Il 24 settembre scorso, nell’ambito delle iniziative di sensibilizzazione sul problema dell’amianto, si è svolto a Monfalcone un incontro dal titolo “quando le strade della letteratura incrociano le strade della lotta”, con la partecipazione dello scrittore di polizieschi Loriano Macchiavelli e di Luciano Martinis, che ha parlato del golpe in Cile e della morte del presidente Salvador Allende, prendendo spunto da alcune affermazioni dell’esule cubano Daniel Alarcòn, il “comandante Benigno”.
Premettiamo che, mentre Macchiavelli ha fatto un interessante intervento (che magari riprenderemo in altra sede) sul tema della serata, Martinis è, secondo noi, andato del tutto fuori tema. Infatti il senso del suo racconto, sintetizzando, è stato il cercare di dimostrare una certa responsabilità del governo cubano (ed in prima persona di Fidel Castro) nel golpe cileno. Però non ha fatto delle accuse precise, ha usato l’antico sistema del “dico ma non dico e leggete tra le righe”, per cui non ha portato prove ma ha solo instillato sospetti negli ascoltatori, metodo questo che noi condanniamo fermamente perché non è accettabile che vengano lanciate accuse pesantissime senza produrre un briciolo di prova, con la scusa che comunque si parla solo di “sospetti”.

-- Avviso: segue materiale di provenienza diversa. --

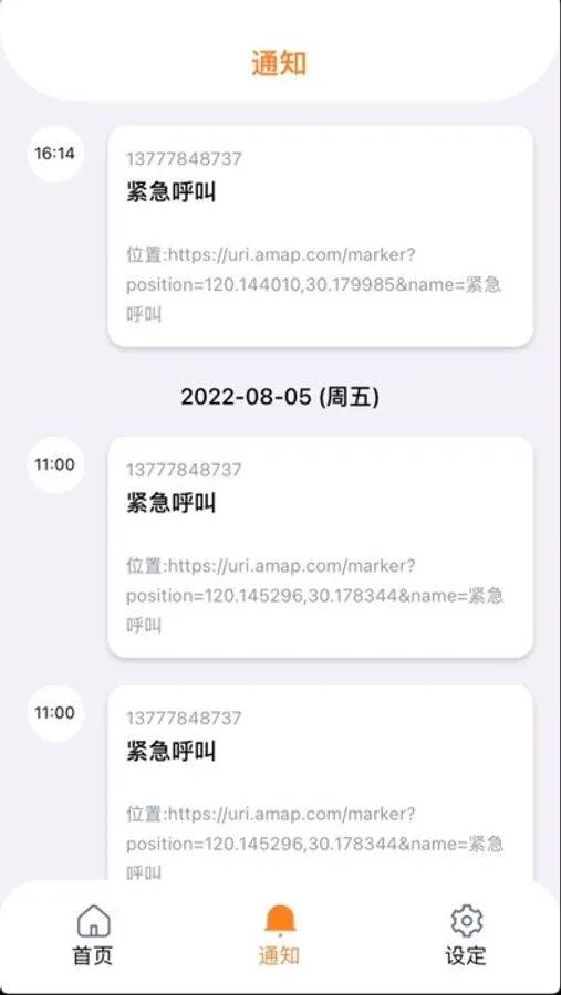 4.一键发送包含位置信息的sos求救信号(短信、语音、APP内部通知)

Martinis ha esordito spiegando di avere conosciuto il “comandante Benigno” tramite il giornalista francese Pierre Kalfon, autore di alcuni testi sull’America Latina e nello specifico sul Cile, che avrebbe a sua volta conosciuto proprio in Cile negli anni di Unidad Popular (1972-1973). Martinis si sarebbe recato a Santiago, all’epoca, per non fare il servizio militare in Italia, ed avrebbe trovato un posto di insegnante all’università. In tale modo era entrato a fare parte del mondo culturale cileno del periodo, però era rimasto sempre politicamente appartato; in tale modo aveva potuto, dopo il golpe, girare indisturbato. Martinis ci è sembrato non avere condiviso all’epoca le scelte di Allende e di Unidad Popular, che “non corrispondevano alle sue idee” ed anche successivamente, una volta andato via dal Cile non ha più “voluto saperne”. Specifichiamo questo perché la posizione di Martinis all’epoca è fondamentale per la valutazione dell’attendibilità di quanto ha sostenuto nel corso della serata. Abbiamo quindi di fronte a noi un “intellettuale” che non ha condiviso, se non come spettatore esterno, l’esperienza di Unidad Popular, per la quale comunque non sembra avere avuto particolare simpatia. Di conseguenza le sue teorie “complottistiche” derivano non tanto da cognizioni personali, quanto da cose che altri gli avrebbero detto (Kalfon ed il “comandante Benigno”.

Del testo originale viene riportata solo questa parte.